'Hit & Run' misses the mark

Kristen Bell and Dax Shepard in Hit & Run. (Handout)

Kristen Bell and Dax Shepard in Hit & Run. (Handout)

Liz Braun, QMI Agency

, Last Updated: 2:27 PM ET

Dax Shepard wrote and co-directed Hit & Run, an obvious labour of love aimed right at his beloved co-star: a 1967 Lincoln Continental helped along by a 700 HP LS7.

Plot? Characterization? Chemistry with his real-life fiancee and cast-mate Kristen Bell?

Forget all that - this movie is about a muscle car. This is a special car the size of a boat with a $15,000 engine. It can't go forward without smoking wheels, only starts in slo-mo and runs with a thrumming engine that can be heard for miles around by car-loving males in rutting season. Or something like that.

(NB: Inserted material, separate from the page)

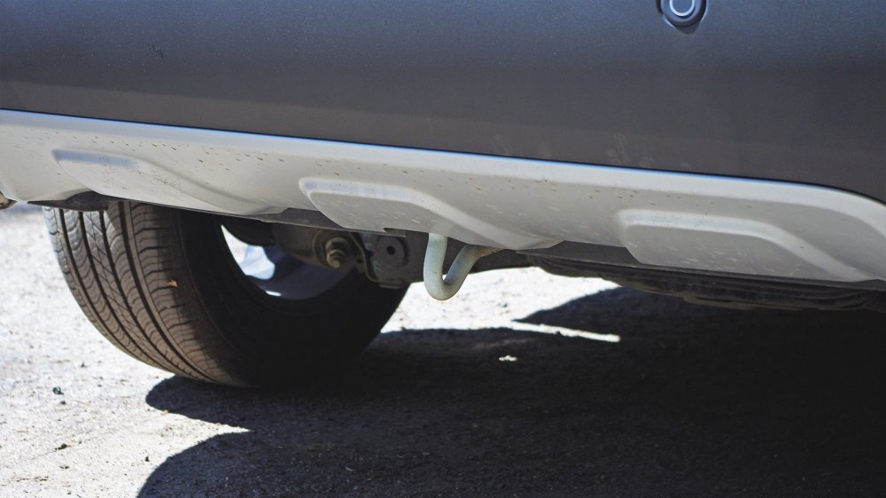 Но дело даже не в этом. Я не мог отделаться от мысли, что передо мной полноценный современный автомобиль, без всяких скидок на происхождение и «будущий рост». Мимолетного взгляда хватило, чтобы зафиксировать качественную окраску, ровные зазоры панелей, светодиодную ходовую и заднюю оптику, парктроники, камеру заднего вида, а еще дисковые тормоза и пару оконечников выхлопных труб, левый из которых — для симметрии. Улыбку вызвала лишь огромная буксировочная петля сзади по центру, приваренная к днищу несущего кузова, но, похоже, прочно.
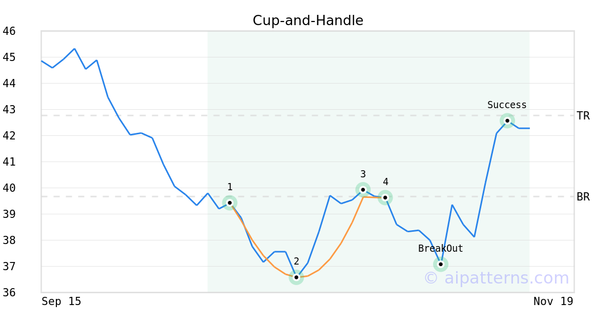 On October 28, 2025, A.I.dvisor detected a Cup-and-Handle Pattern (Bullish) for Intapp (INTA, $39.62). On November 04, 2025, A.I.dvisor confirmed the Bullish pattern, setting a target price of $42.77. 8 days later, on November 12, 2025, INTA reached the target price resulting in a for traders who took a long position in the stock.

Shepard is Charlie Bronson and Bell is Annie, and they star as a happy couple living somewhere in the middle of nowhere. They've been together about a year, and are still getting to know each other; then, she gets a terrific job opportunity in L.A. and he offers to drive her to her job interview.

There is a problem: Charlie is in the witness protection program and he's not supposed to go to Los Angeles. He's not supposed to go anywhere. He's supposed to lie low, report to the marshall (Tom Arnold) charged with protecting him and prepare to testify against some bad guys.

But he goes to L.A. anyway. He and Annie are pursued by her old boyfriend, who is convinced Charlie is a villain, by his old gang, which includes Bradley Cooper with dreadlocks and by the aforementioned Tom Arnold, who will not give up on his witness. Hilarity does not exactly ensue. It sort of runs off in all directions.

The chase scenes are oddly devoid of energy, and are usually interrupted by couples chit-chat between Charlie and Annie. She whines at him about honesty; he blathers at her about a zen approach to living in the moment. Although both actors play attractive characters here, their dialogue sounds like outtakes from couples' therapy.

Cameos from such actors as Jason Bateman, Kristin Chenoweth, Beau Bridges and David Koechner are fun to look at, but can't detract from the film's jumbled emotions -- it's a romance, it's a drama, it's a comedy, it's a road movie, it's an auto-body experience. Whatever it is, we didn't love it.